--- Collected data ---
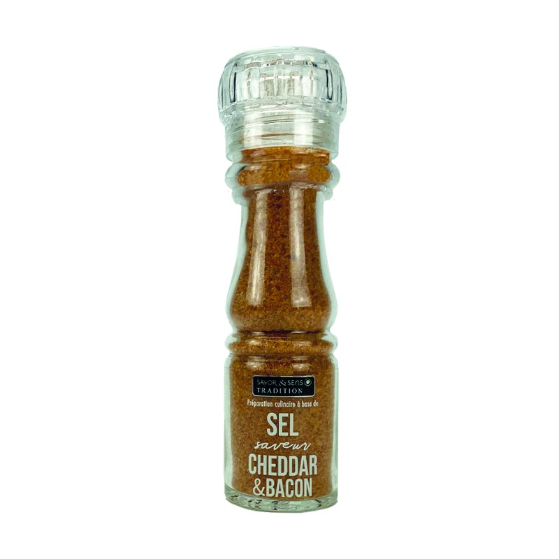 Apportez une touche de gourmandise à vos plats avec notre sel au cheddar saveur bacon. Ce mélange de sel de mer, poudre de cheddar et arôme de bacon offre une explosion de saveurs riches et savoureuses.
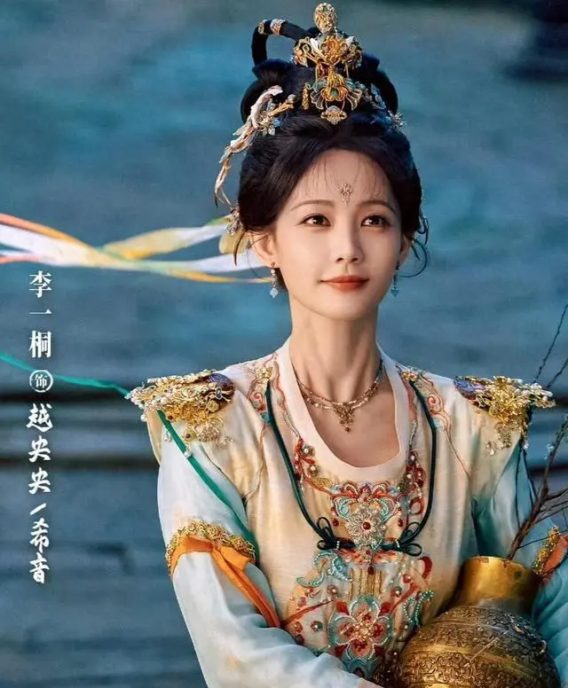 在视觉呈现上,剧组更是下足了功夫,主打的就是敦煌美学。 李一桐的造型完美复刻了敦煌壁画的神韵,飘带上的十二乐灵刺绣会随着光线流转,三米长的金丝璎珞披帛仙气十足,额间那抹名为“天火坠凡”的朱砂图腾是点睛之笔。 据悉,剧组还邀请了敦煌研究院的顾问参与造型设计,将飞天元素与改良的唐制襦裙相结合。 连音律释放时的流光特效,都力求贴合古乐的意境。
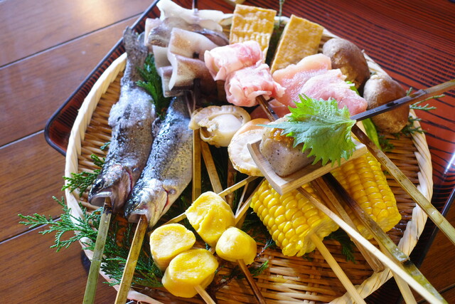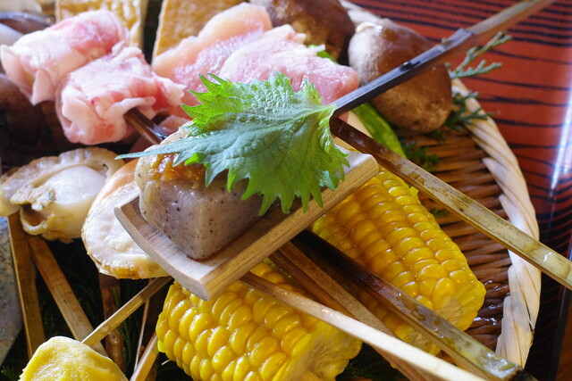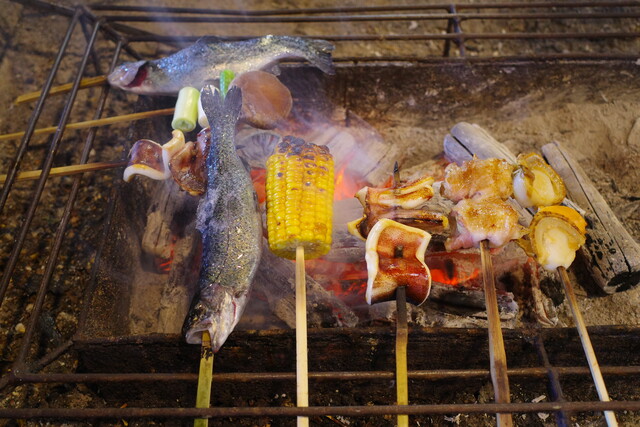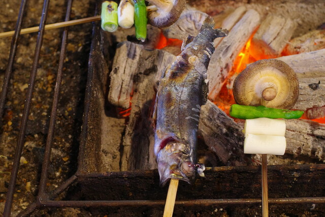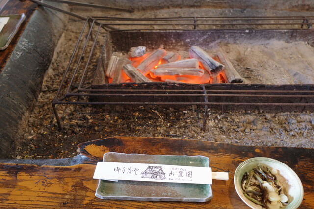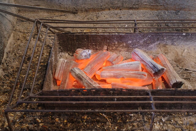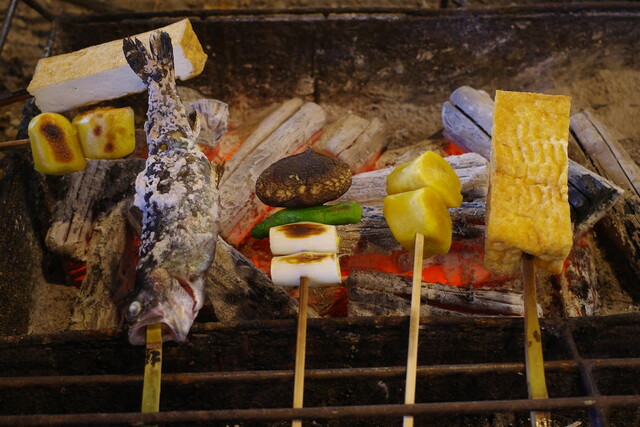 囲炉裏に炭を焚き、ここで食材を焼いていくんです。

--- Work item ---
In full and without changes, repeat the listing above, but not its pictures.

--- Answer area ---
 Apportez une touche de gourmandise à vos plats avec notre sel au cheddar saveur bacon. Ce mélange de sel de mer, poudre de cheddar et arôme de bacon offre une explosion de saveurs riches et savoureuses.
 在视觉呈现上,剧组更是下足了功夫,主打的就是敦煌美学。 李一桐的造型完美复刻了敦煌壁画的神韵,飘带上的十二乐灵刺绣会随着光线流转,三米长的金丝璎珞披帛仙气十足,额间那抹名为“天火坠凡”的朱砂图腾是点睛之笔。 据悉,剧组还邀请了敦煌研究院的顾问参与造型设计,将飞天元素与改良的唐制襦裙相结合。 连音律释放时的流光特效,都力求贴合古乐的意境。
 囲炉裏に炭を焚き、ここで食材を焼いていくんです。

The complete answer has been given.